Hervormingen van dit kabinet hebben het doel de arbeidsmarkt toekomstbestendig te maken. Het kabinet heeft dit niet alleen gedaan, maar met breed draagvlak in het parlement en in de samenleving, onder andere door het sluiten van het sociaal akkoord. De Participatiewet en de Wet banenafspraak en quotum arbeidsbeperkten bieden mensen met een beperking meer kansen op de arbeidsmarkt2, de Wwz verbetert de balans tussen flexibel en vast werk3, schijnconstructies worden met de Wet aanpak schijnconstructies (WAS) bestreden4, het stelsel van kindregelingen is vereenvoudigd5, de AOW-leeftijd is verhoogd6 en er zijn stappen gezet om het pensioenstelsel te borgen.
Sinds het uitbreken van de crisis heeft het kabinet maatregelen getroffen om de begroting op orde te brengen en het sociaal stelsel betaalbaar en toegankelijk te houden. Het kabinet probeert daarbij de lasten zo evenwichtig mogelijk te verdelen. De inkomensachteruitgang van alleenverdieners met kinderen met een modaal inkomen in 2015 is beperkt door onder andere het afbouwpercentage van het kindgebonden budget te verlagen. Door de hervorming van de kindregelingen zijn werkende alleenstaande ouders met een laag inkomen er fors op vooruit gegaan. Hierdoor is werken vanuit een bijstandsuitkering lonend geworden.

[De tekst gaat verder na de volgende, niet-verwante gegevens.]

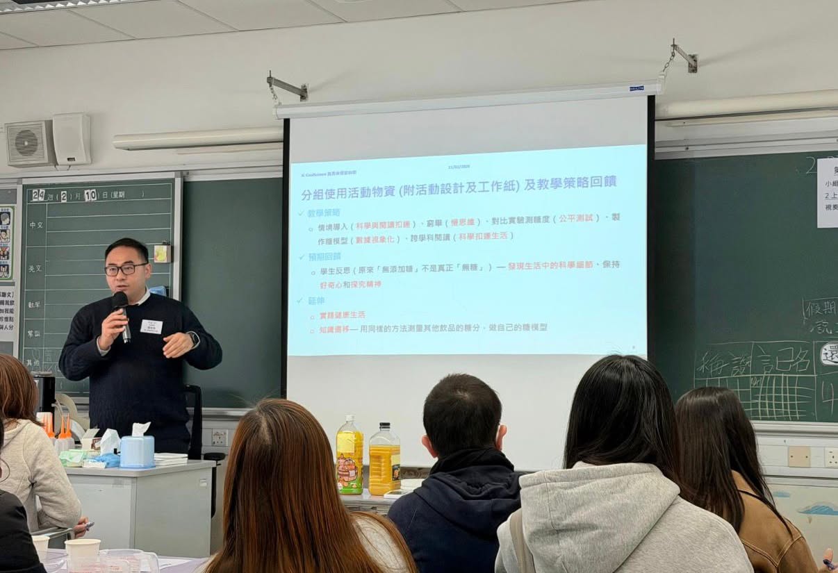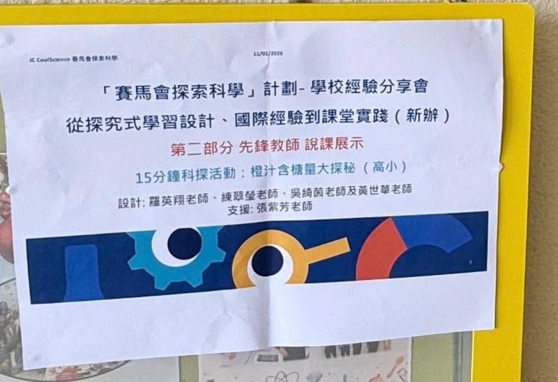 本校常識科及科學科科主任羅英翔老師早前獲選為第一屆「賽馬會探索科學」計劃先鋒教師,先後遠赴北京師範大學及美國史密森尼科學教育中心交流,接受探索式科學教育培訓。而於2月11日探索科學計劃學校經驗分享會中,羅老師亦主持教師工作坊環節,為在場過百位同工演示小組所設計的15分鐘科探活動,推動本港科學科課程創新與教研發展。

Met de in 2015 aangekondigde lastenverlichting voor werkenden vanaf 2016 kiest het kabinet kiest ervoor om werken lonender te maken. Omdat het kabinet het daarnaast belangrijk vindt dat ook uitkeringsgerechtigden en gepensioneerden mee profiteren van het herstel, is in 2015 aangekondigd dat voor 2016 de bezuiniging op de huurtoeslag wordt uitgesteld, de verhoging van de zorgtoeslag wordt verlengd en de ouderkorting en het kindgebonden budget worden verhoogd. Door maatregelen in de kindregelingen zijn in het bijzonder alleenstaande ouders en paren met kinderen met lage inkomens ontzien.

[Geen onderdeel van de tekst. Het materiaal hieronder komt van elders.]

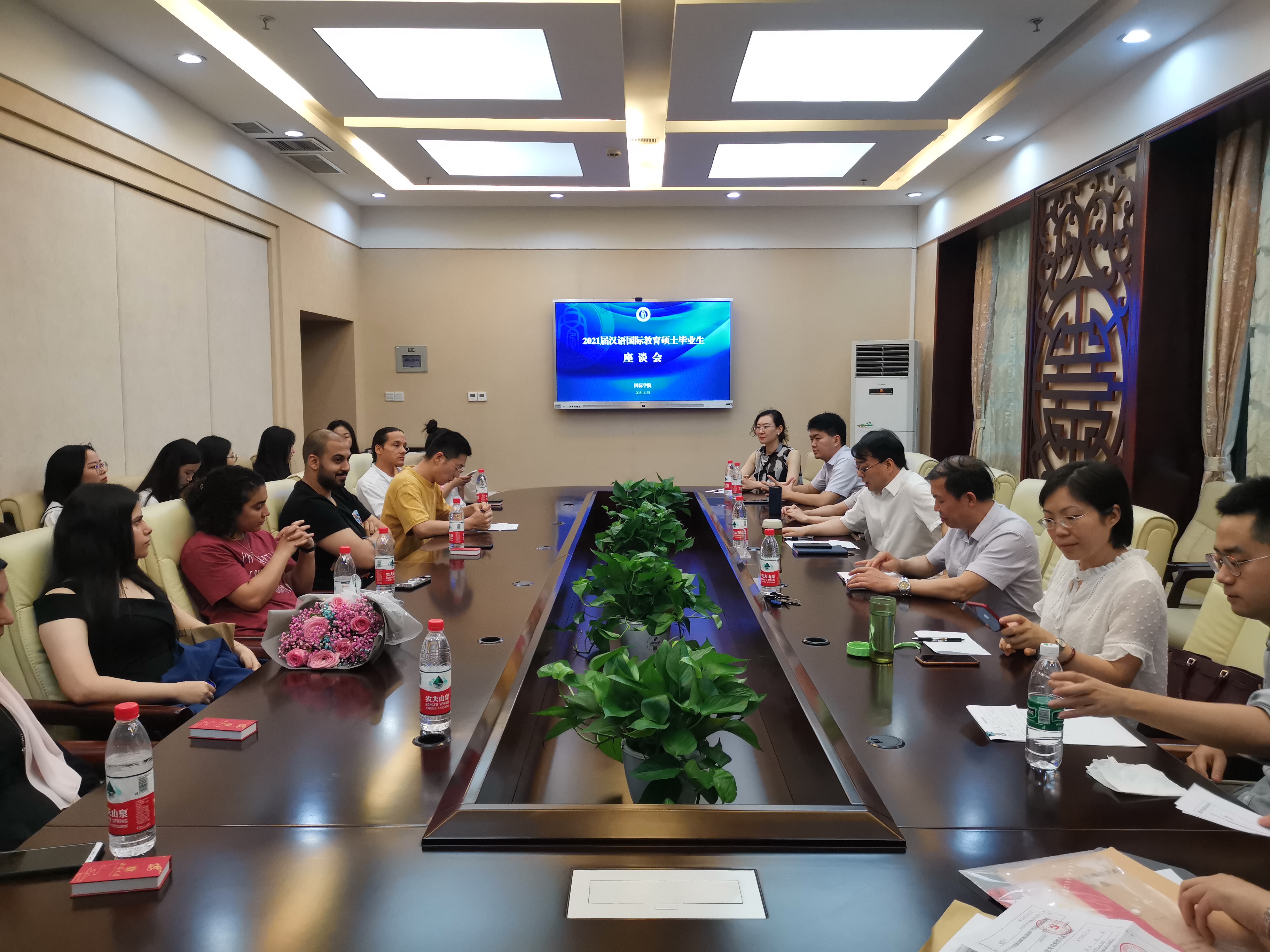 2021年6月25日下午,永利3044noc在签约室召开了2021届中外汉硕毕业生座谈会。公司领导,学工办、教学办、汉教系等部门负责人,研究生导师代表和30余名中外汉硕毕业生参加座谈交流。

In 2015 kwamen veel meer vluchtelingen dan gebruikelijk Nederland binnen. Het vergt een grote inspanning om die instroom in goede banen te leiden. We laten vluchtelingen niet in de kou staan, maar er zit een grens aan de instroom die onze samenleving aan kan. Het kabinet zet daarom in op internationale samenwerking om de instroom te beperken en de lasten eerlijk over landen te verdelen. De vluchtelingen die al in ons land zijn en de vluchtelingen die nog komen, krijgen nette, maar sobere opvang. Voor de vluchtelingen die mogen blijven geldt dat het kabinet verwacht dat zij een actieve bijdrage leveren aan de Nederlandse samenleving. Uit het verleden hebben we geleerd dat het van groot belang is dat mensen die hier komen en blijven, snel aan het werk gaan, de taal leren en integreren in de Nederlandse samenleving. We moeten ons daarvoor maximaal inspannen en obstakels wegnemen die integratie en participatie in de weg staan. De eigen verantwoordelijkheid om aan het werk te gaan, de taal te leren en te integreren staat daarbij voorop.